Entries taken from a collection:

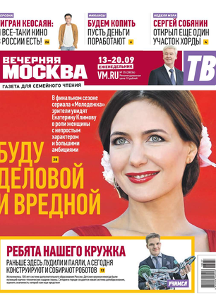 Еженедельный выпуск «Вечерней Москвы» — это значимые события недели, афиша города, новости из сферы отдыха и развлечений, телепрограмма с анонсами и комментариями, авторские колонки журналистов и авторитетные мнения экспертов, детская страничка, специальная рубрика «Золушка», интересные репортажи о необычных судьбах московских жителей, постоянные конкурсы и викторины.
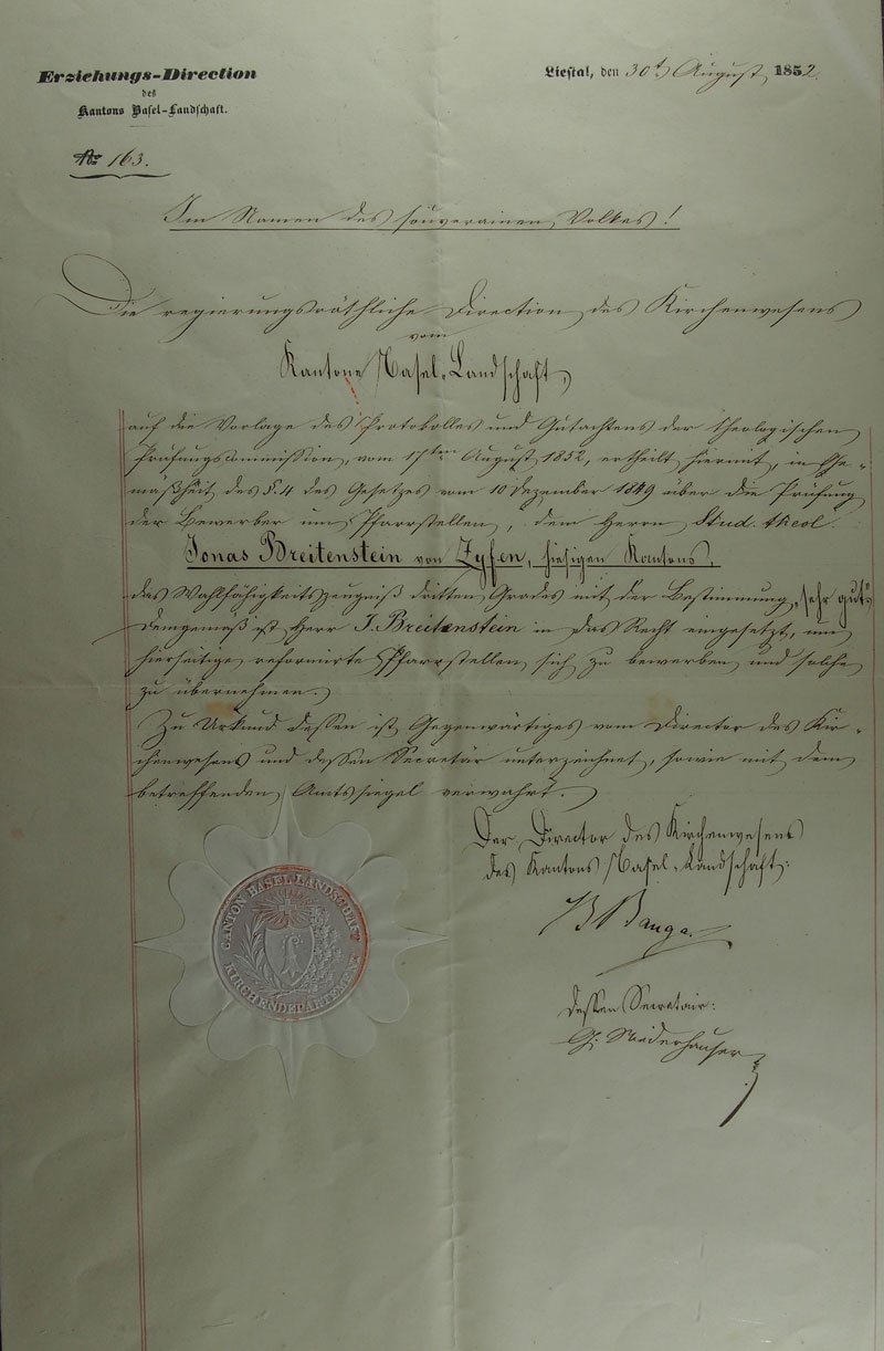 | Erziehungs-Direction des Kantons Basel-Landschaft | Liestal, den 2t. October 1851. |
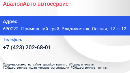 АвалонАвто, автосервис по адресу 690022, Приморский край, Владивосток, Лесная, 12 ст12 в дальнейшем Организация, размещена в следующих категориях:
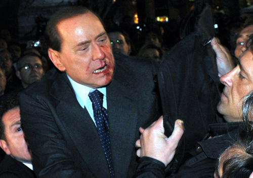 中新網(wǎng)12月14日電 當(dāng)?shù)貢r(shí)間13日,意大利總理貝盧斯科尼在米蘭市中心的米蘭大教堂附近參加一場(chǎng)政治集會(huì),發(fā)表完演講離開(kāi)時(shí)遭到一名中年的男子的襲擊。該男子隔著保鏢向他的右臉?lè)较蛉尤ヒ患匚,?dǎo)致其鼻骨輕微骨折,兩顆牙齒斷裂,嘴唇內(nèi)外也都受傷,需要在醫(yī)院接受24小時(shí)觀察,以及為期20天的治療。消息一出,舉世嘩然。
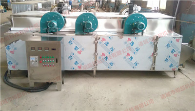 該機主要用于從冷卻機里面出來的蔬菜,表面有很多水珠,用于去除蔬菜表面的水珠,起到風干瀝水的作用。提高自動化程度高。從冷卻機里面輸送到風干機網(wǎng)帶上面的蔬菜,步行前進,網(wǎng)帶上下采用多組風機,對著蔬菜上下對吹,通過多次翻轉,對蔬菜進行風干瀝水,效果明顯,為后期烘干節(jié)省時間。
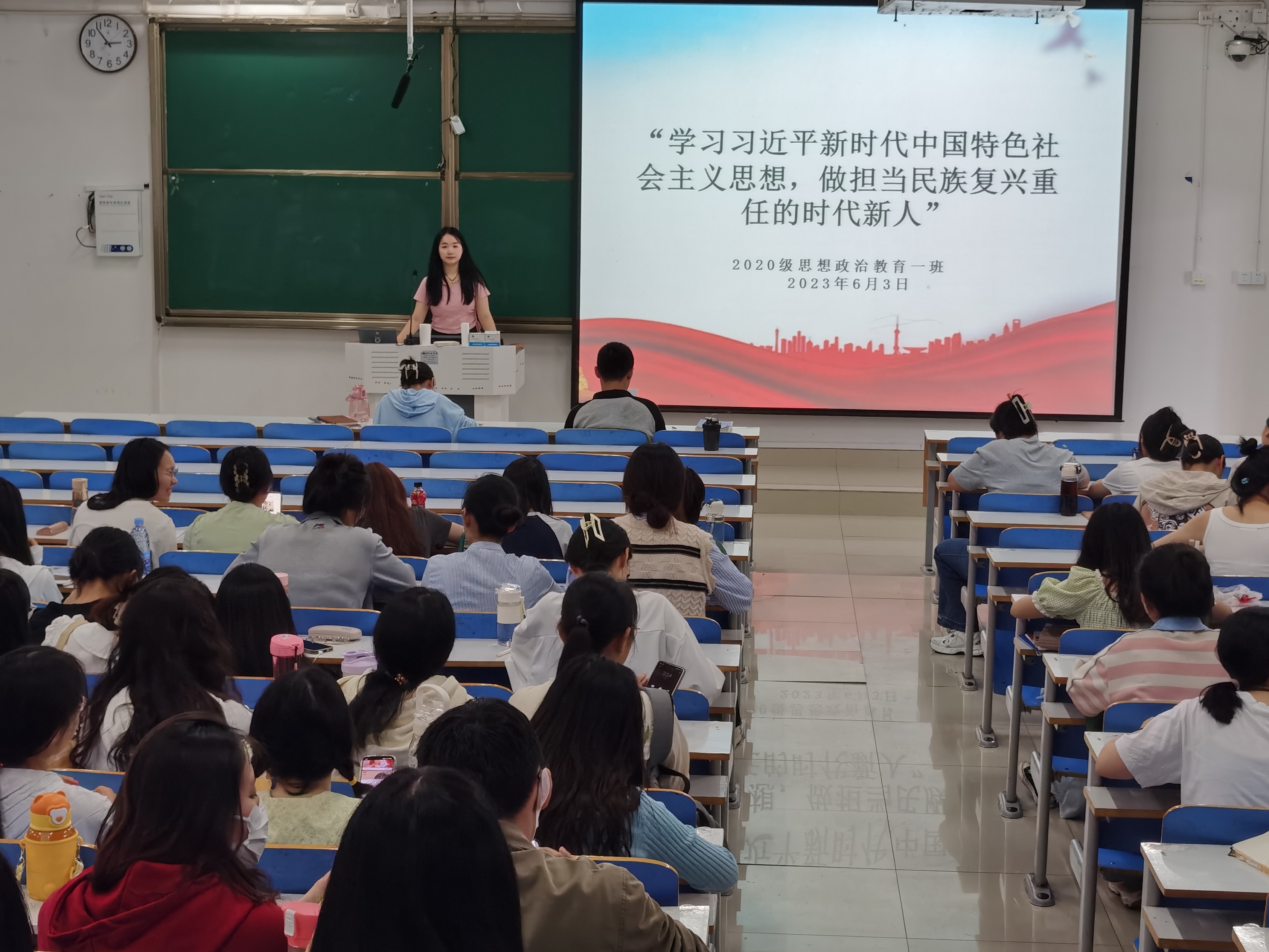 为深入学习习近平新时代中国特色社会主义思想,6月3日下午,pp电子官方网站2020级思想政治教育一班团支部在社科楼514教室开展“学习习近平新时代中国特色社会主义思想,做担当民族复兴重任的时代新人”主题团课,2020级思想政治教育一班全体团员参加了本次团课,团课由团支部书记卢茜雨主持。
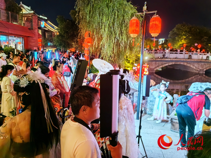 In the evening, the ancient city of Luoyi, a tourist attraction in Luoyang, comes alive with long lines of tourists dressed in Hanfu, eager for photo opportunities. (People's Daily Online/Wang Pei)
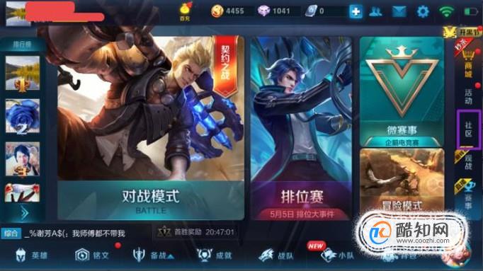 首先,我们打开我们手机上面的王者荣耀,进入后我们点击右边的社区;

WORK ORDER: Repeat exactly the lines from the start of the entries down to the line with "为深入学习习近平新时代中国特", keeping both ends but none of the pictures.

ANSWER TO THE EXERCISE:
 Еженедельный выпуск «Вечерней Москвы» — это значимые события недели, афиша города, новости из сферы отдыха и развлечений, телепрограмма с анонсами и комментариями, авторские колонки журналистов и авторитетные мнения экспертов, детская страничка, специальная рубрика «Золушка», интересные репортажи о необычных судьбах московских жителей, постоянные конкурсы и викторины.
 | Erziehungs-Direction des Kantons Basel-Landschaft | Liestal, den 2t. October 1851. |
 АвалонАвто, автосервис по адресу 690022, Приморский край, Владивосток, Лесная, 12 ст12 в дальнейшем Организация, размещена в следующих категориях:
 中新網(wǎng)12月14日電 當(dāng)?shù)貢r(shí)間13日,意大利總理貝盧斯科尼在米蘭市中心的米蘭大教堂附近參加一場(chǎng)政治集會(huì),發(fā)表完演講離開(kāi)時(shí)遭到一名中年的男子的襲擊。該男子隔著保鏢向他的右臉?lè)较蛉尤ヒ患匚,?dǎo)致其鼻骨輕微骨折,兩顆牙齒斷裂,嘴唇內(nèi)外也都受傷,需要在醫(yī)院接受24小時(shí)觀察,以及為期20天的治療。消息一出,舉世嘩然。
 該機主要用于從冷卻機里面出來的蔬菜,表面有很多水珠,用于去除蔬菜表面的水珠,起到風干瀝水的作用。提高自動化程度高。從冷卻機里面輸送到風干機網(wǎng)帶上面的蔬菜,步行前進,網(wǎng)帶上下采用多組風機,對著蔬菜上下對吹,通過多次翻轉,對蔬菜進行風干瀝水,效果明顯,為后期烘干節(jié)省時間。
 为深入学习习近平新时代中国特色社会主义思想,6月3日下午,pp电子官方网站2020级思想政治教育一班团支部在社科楼514教室开展“学习习近平新时代中国特色社会主义思想,做担当民族复兴重任的时代新人”主题团课,2020级思想政治教育一班全体团员参加了本次团课,团课由团支部书记卢茜雨主持。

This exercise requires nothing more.